The goals of treatment of chronic LBP and lumbosacral radiculopathy are to reduce pain, maintain function, and prevent future exacerbation. Guidelines advocate for a multimodal approach to the management of these conditions, combining pharmacological therapies for symptomatic relief with nonpharmacological approaches, such as physical rehabilitation. Choice of treatment is individualized according to the nature and severity of symptoms, the presence of comorbid conditions, potential for adverse effects and drug interactions, and cost. At this time, there are no specific recommendations for treatment of the neuropathic components of chronic LBP and neuropathic pain medications for painful radiculopathy have limited response rates. Furthermore, current pharmacologic approaches for the treatment of neuropathic pain are associated with a risk of significant adverse effects, which can have a serious impact on patients' quality of life. As such, there is a pressing need for safe and effective therapeutic options in treating neuropathic LBP and painful lumbosacral radiculopathy.

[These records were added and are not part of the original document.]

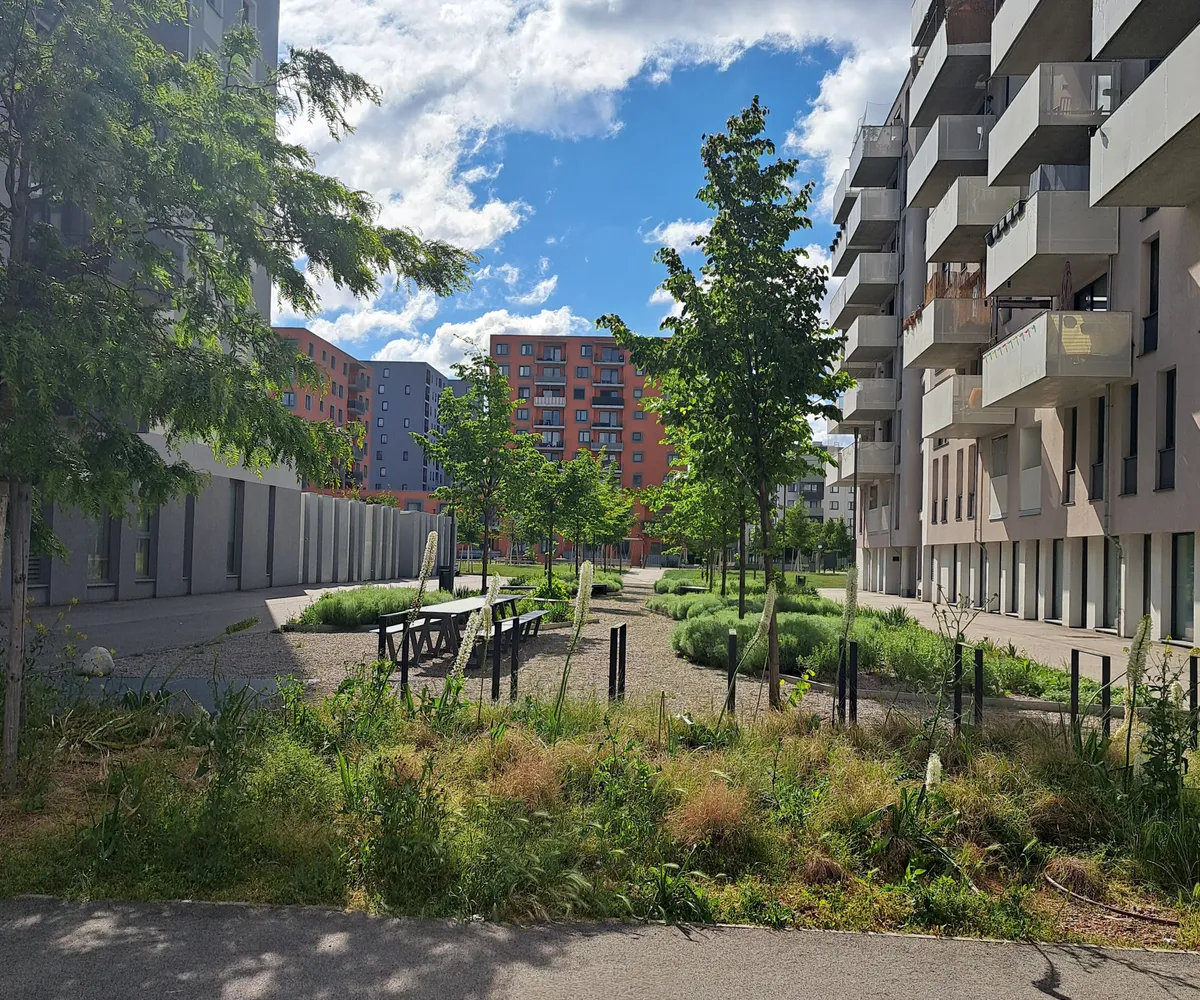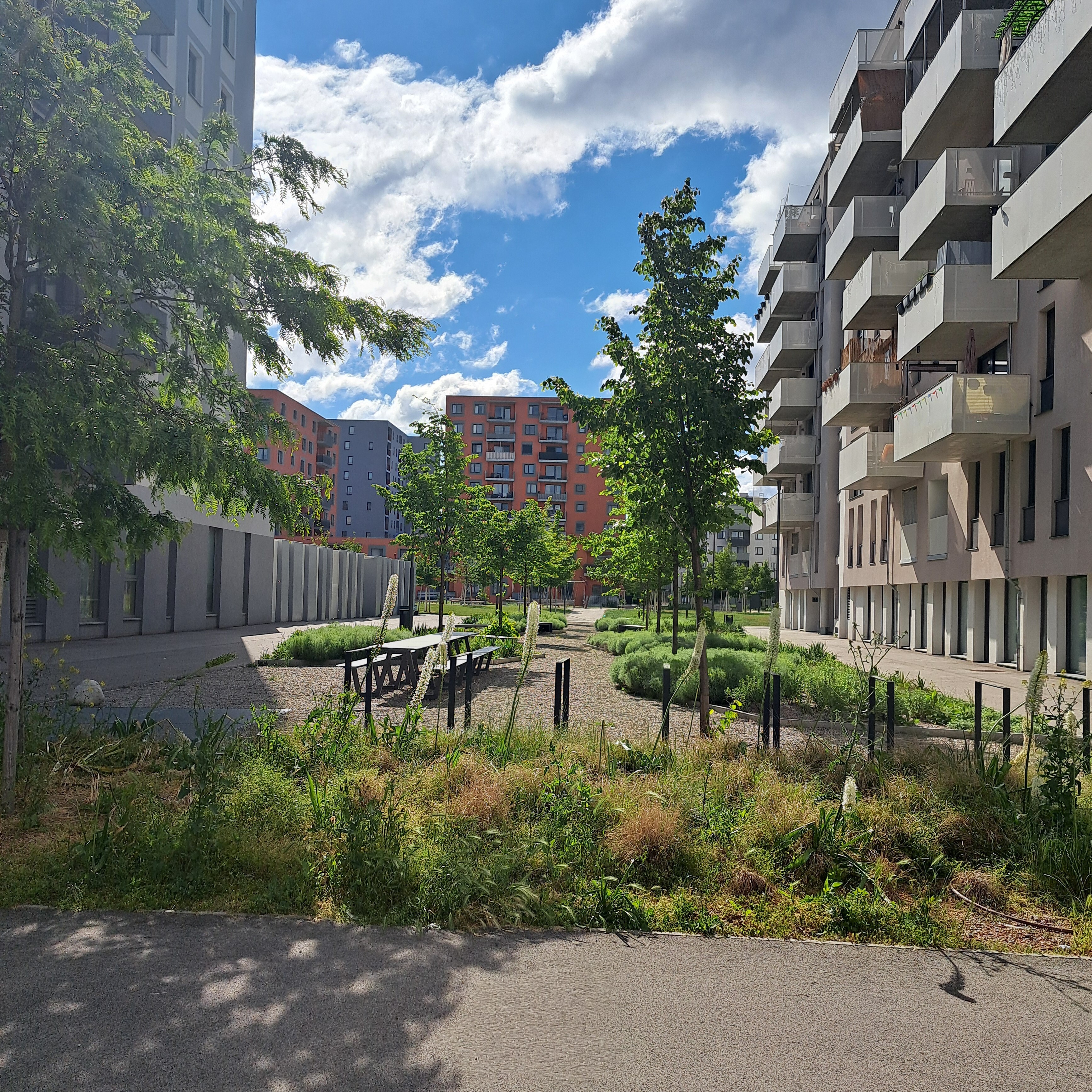 Inmitten einer der modernsten und nachhaltigsten Wohnparks Wiens, auf den ehemaligen Siemens-Gründen im schönen Floridsdorf, erwartet Sie ein fast ländliches Idyll. Hier verbinden sich Wohnen, Erholung, Arbeit und Freizeit auf 8,2 Hektar Natur. Die Parklandschaft ist ein beliebter Treffpunkt für Jung und Alt, ideal zum Spazieren, Laufen und Radfahren. Die grüne Umgebung sorgt für Ruhe und Lebensqualität, während die Gemeinschaft im Grünen zum Verweilen einlädt.
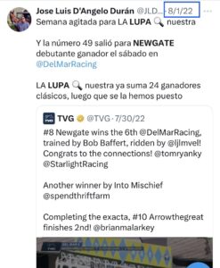 Otro éxito para LA LUPA nuestra alcanzamos el domingo con el triunfo de NEWGATE en el Santa Anita Handicap G1 en 2000 metros con gran conducción de Frankie Dettori de nuevo en dupla con Baffert, doble flying dismount. Por cierto, pusimos LA LUPA número 72 a la prospecto tresañera IMPEL, ganadora al galope el domingo en Oaklawn Park… NEWGATE es uno de los 41 ganadores clásicos que tenemos con LA LUPA de los 70 que han corrido después de recibirla (59%)
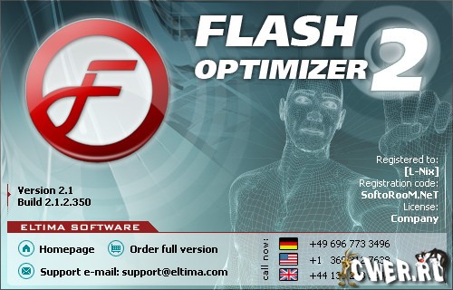 Eltima Flash Optimizer – удобное программное решение для веб-мастеров, веб-дизайнеров, Flash-профессионалов и всех кто когда-либо сталкивался с технологией Adobe Flash. Он позволяет уменьшить размер SWF файла на 60-70% благодаря алгоритмам векторов, образов, морфинга, Z-буфера, шрифтов и другой оптимизации. Flash Optimizer уменьшает размер не только какой-либо отдельной части Вашего Flash видеоролика, но и оптимизирует все его элементы (включая кривые, нулевые объекты, ZLib оптимизацию и др.).
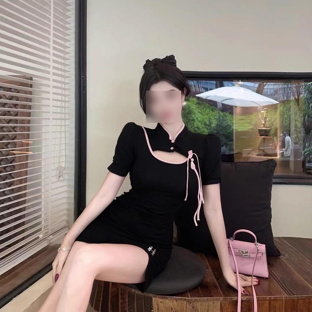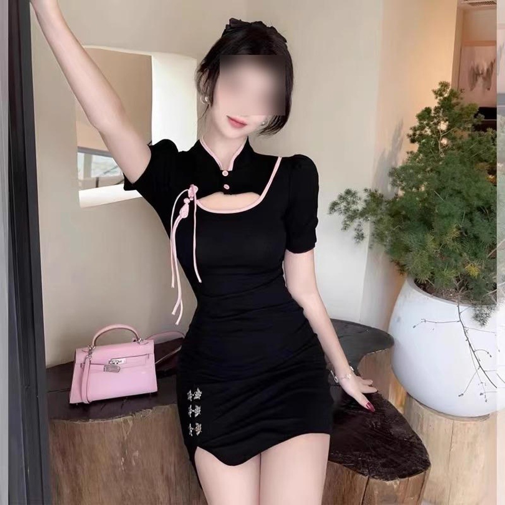 新中式国风改良旗袍小黑裙镂空小众高级感别致小众包臀连衣裙女夏스토어 가기
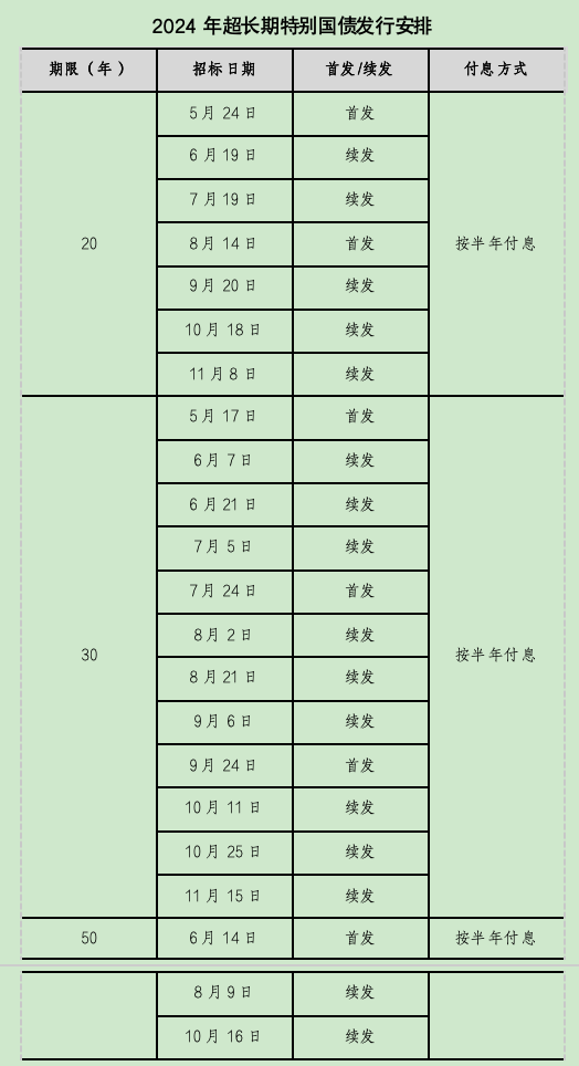 今日(5月13日),财政部发布《2024年一般国债、超长期特别国债发行有关安排》,其中超长期特别国债涉及期限为20年、30年、50年,决定5月17日发行30年超长期特别国债,决定5月24日发行20年超长期特别国债,决定6月14日发行50年超长期特别国债。
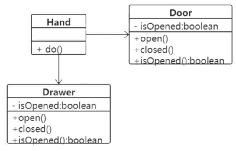 If there is a new demand, it is necessary to increase the function of opening and closing the drawer by hand. For the code, you need to add a Drawer class and modify the Hand class at the same time.
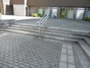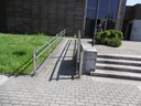Plocha před vstupy do Velké obřadní síně („Čekárny pro smuteční hosty“, „Čekárny pro nejbližší rodinu“ a prostor „Rozloučení v úzkém rodinném kruhu“) je přístupná schody (4 stupně) nebo jednoramennou rampou (sklon 10%, průjezdná šířka 150 cm, délka 685 cm), která se nachází po levé straně schodů. Její povrch tvoří zámková dlažba. Rampa je opatřena oboustranným zábradlím s dvěma madly nad sebou (výška 91 cm a 70 cm) i zarážkou proti vyjetí. Manipulační prostor pod i nad rampou je dostačující.
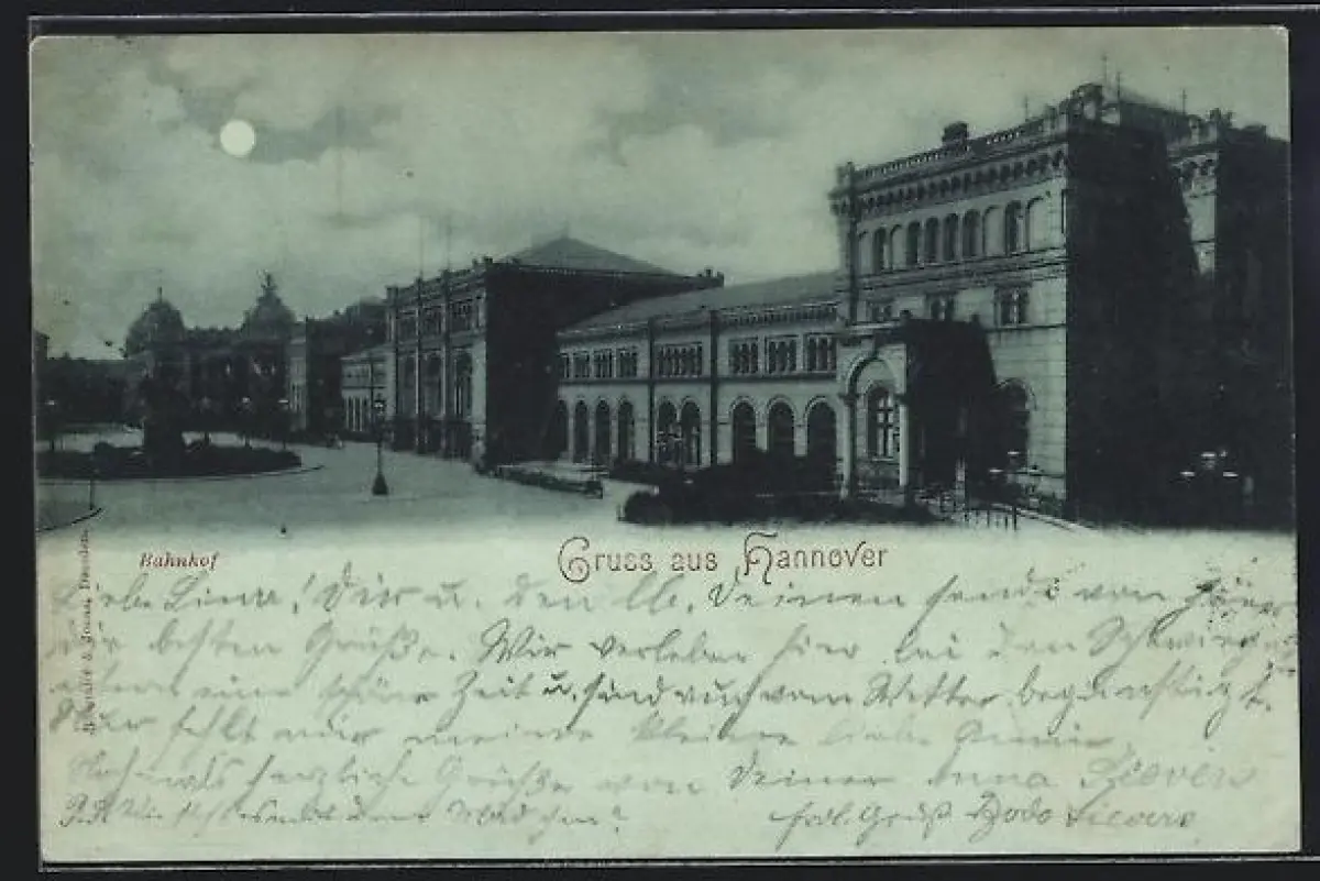 Mondschein-AK Hannover, Bahnhof mit Strassenpartie
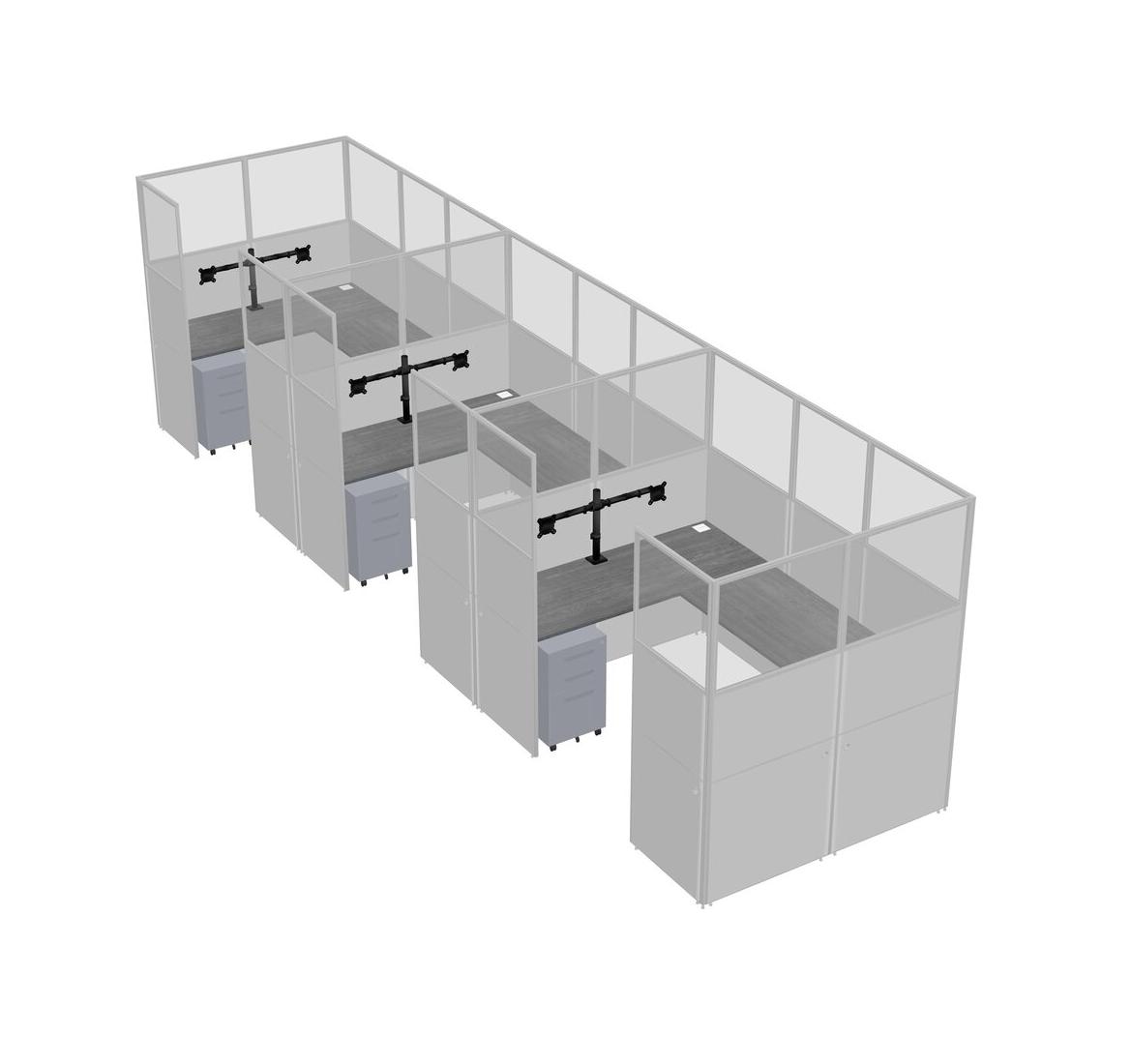 Système De Panneaux En U Gris Pour 3 Personnes + Bras D'écran (bras Doubles) + Tiroirs Mobiles En Métal Pour 3 Utilisateur(s)
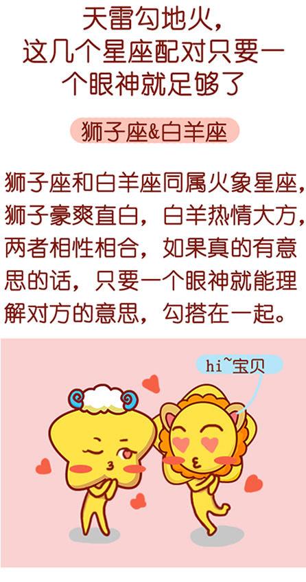 在白羊座女人眼里,狮子座男人的霸道和力量是一种魅力。在狮子座男人眼里,白羊座女人的热情和冲动是活力和激情。他们互补,互相包容,在爱情中互相支持,共同成长。
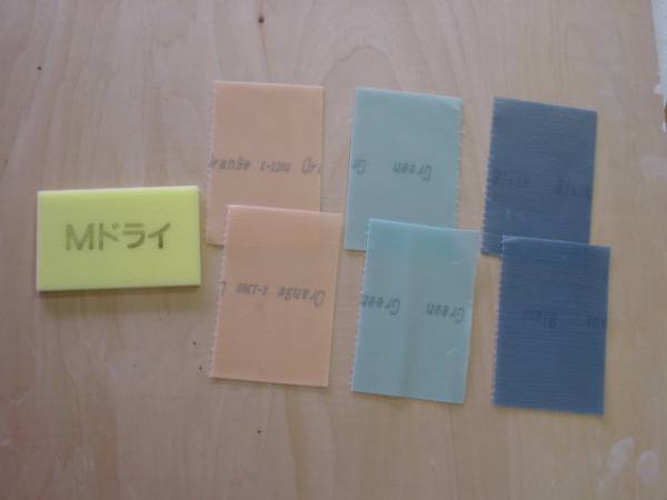 クリヤー塗装後、④のパッドに②のグリーンと③のブラックをつけ、クリヤー後のタレや、ゴミなどを取り除いて下さい。作業性が少し悪いなと感じたら①のオレンジから使ってグリーン、ブラックを使っていってください。ペーパー目はジワジワと細かくしていく感じをイメージして下さい。白系やソリッドだとオレンジ、グリーンで磨き作業に入れます、黒系、濃い色系、シルバー系などはブラックまで使用してペーパー目を細かくしていって下さい。
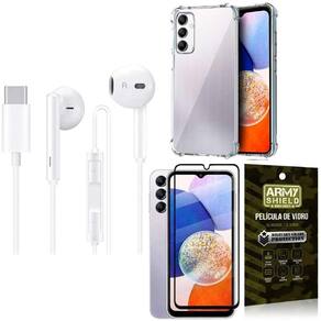 Kit Capinha AntiShock Transparente + Película de Vidro 3D + Fone de ouvido Tipo C estéreo com microfone

Capsaicin is the main compound in chili peppers and acts mechanistically as a selective agonist of the transient receptor potential vanilloid 1 (TRPV1) channel, which is highly expressed on nociceptors. High concentrations of capsaicin have been effectively utilized for the treatment of neuropathic pain. Additionally, whereas many pharmacologic and interventional pain relief options for chronic LBP and radiculopathy cause weight gain, capsaicin has been widely studied for its weight loss potential.

Emerging evidence suggests the use of topical capsaicin may be a safe and efficacious treatment for chronic LBP and radiculopathy. With regards to LBP, a 2010 double-blind multi-center randomized clinical trial on the use of 0.05% topical capsaicin cream for the treatment of chronic LBP demonstrated a significantly higher number of patients experiencing at least 50% pain sum score improvement at 3 weeks compared to placebo. A 2016 open-label study of 90 patients with lumbosacral neuropathic pain who received treatment with a topical 8% capsaicin patch found statistically significant reductions in pain at 2, 8, and 12 weeks follow-up. With regards to lumbosacral radiculopathy, a 2017 randomized controlled trial of 50 participants with chronic lumbosacral radiculopathy treated with a topical 8% capsaicin patch found at least a 30% improvement of pain in 71.4% and 39.1% of patients with 3 months to 2 years duration of pain and greater than 2 years duration of pain, respectively. A prospective study investigating the use of a single 8% capsaicin patch in patients with a variety of neuropathic pain conditions, including radiculopathy noted that the proportions of patients achieving a 30% and 50% decrease in pain at 12 weeks were 43% and 24%, respectively. Additionally, a small retrospective analysis of patients with painful radiculopathy found that the capsaicin 8% patch provided rapid and sustained pain relief, with a significant reduction in prescribed concomitant pain medications. In brief, the current literature is limited by small sample sizes and short follow up periods but does suggest topical capsaicin is a rational choice for the treatment of neuropathic lumbosacral pain.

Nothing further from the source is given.